What the exercise asks> Output each line exactly as written, from the first line of the records to the line bearing "デザートに買ったのは、「クエ", inclusive, while leaving every picture out.

- - -

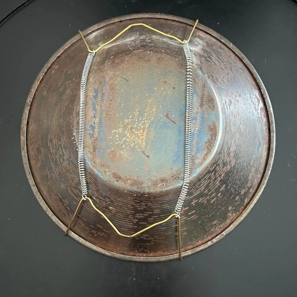 Shows age-appropriate wear and patina consistent with a vintage painted metal piece, enhancing its authenticity and charm. Hanging hardware is already installed on the back.
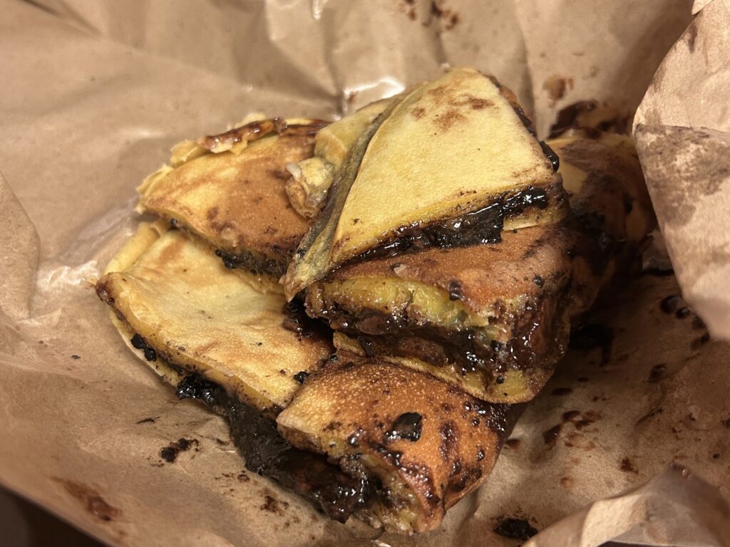 デザートに買ったのは、「クエンマライヤ」。厚めのクレープ生地にナッツペーストやチョコレート等を挟んだ物。お値段は$5で、量が多かったので持ち帰りにしてホテルの部屋で紅茶と一緒にいただきました。
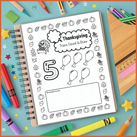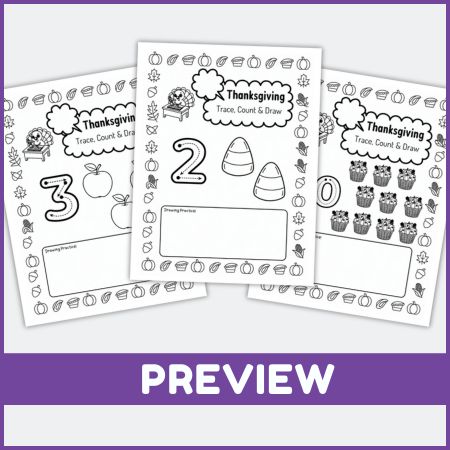 Use these worksheets in classrooms, homeschool lessons, or at home to help children practice tracing, counting, and drawing Thanksgiving-themed objects while improving number recognition and handwriting skills.
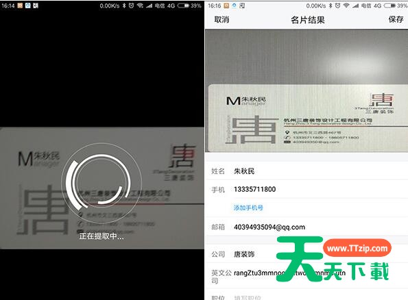 除了文档提取外,TIM的扫一扫也能将纸质名片一键变身电子名片。还是一样的操作,点击右上角“扫一扫”,切换到“名片”标签,然后对着名片扫描一下。TIM的识别能力很高,只要不是很粗糙的拍摄或者很怪异的排版,几乎都能轻松识别,很是好用。
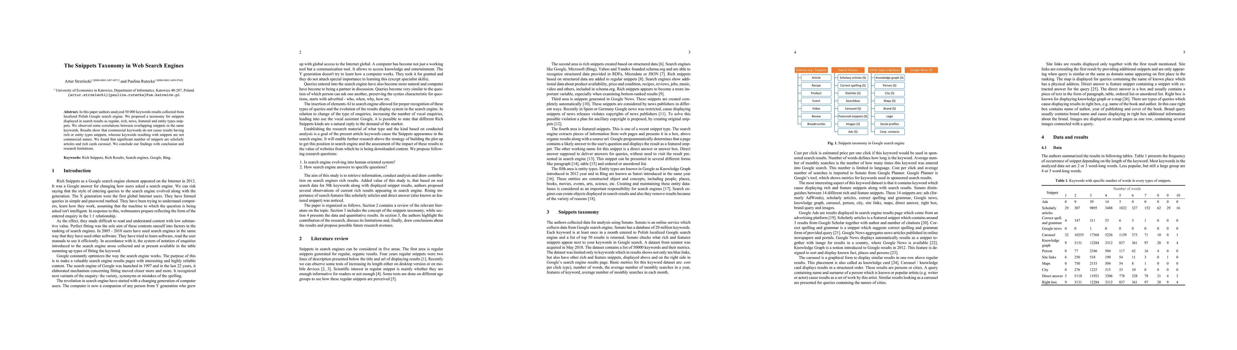 This paper proposes a taxonomy for snippets in Polish Google search results, categorizing them into regular, rich, news, featured, and entity types. The study found that non-commercial keywords are more likely to generate snippets, with scholarly articles and rich cards being prevalent.

- - -

Result below>
 Shows age-appropriate wear and patina consistent with a vintage painted metal piece, enhancing its authenticity and charm. Hanging hardware is already installed on the back.
 デザートに買ったのは、「クエンマライヤ」。厚めのクレープ生地にナッツペーストやチョコレート等を挟んだ物。お値段は$5で、量が多かったので持ち帰りにしてホテルの部屋で紅茶と一緒にいただきました。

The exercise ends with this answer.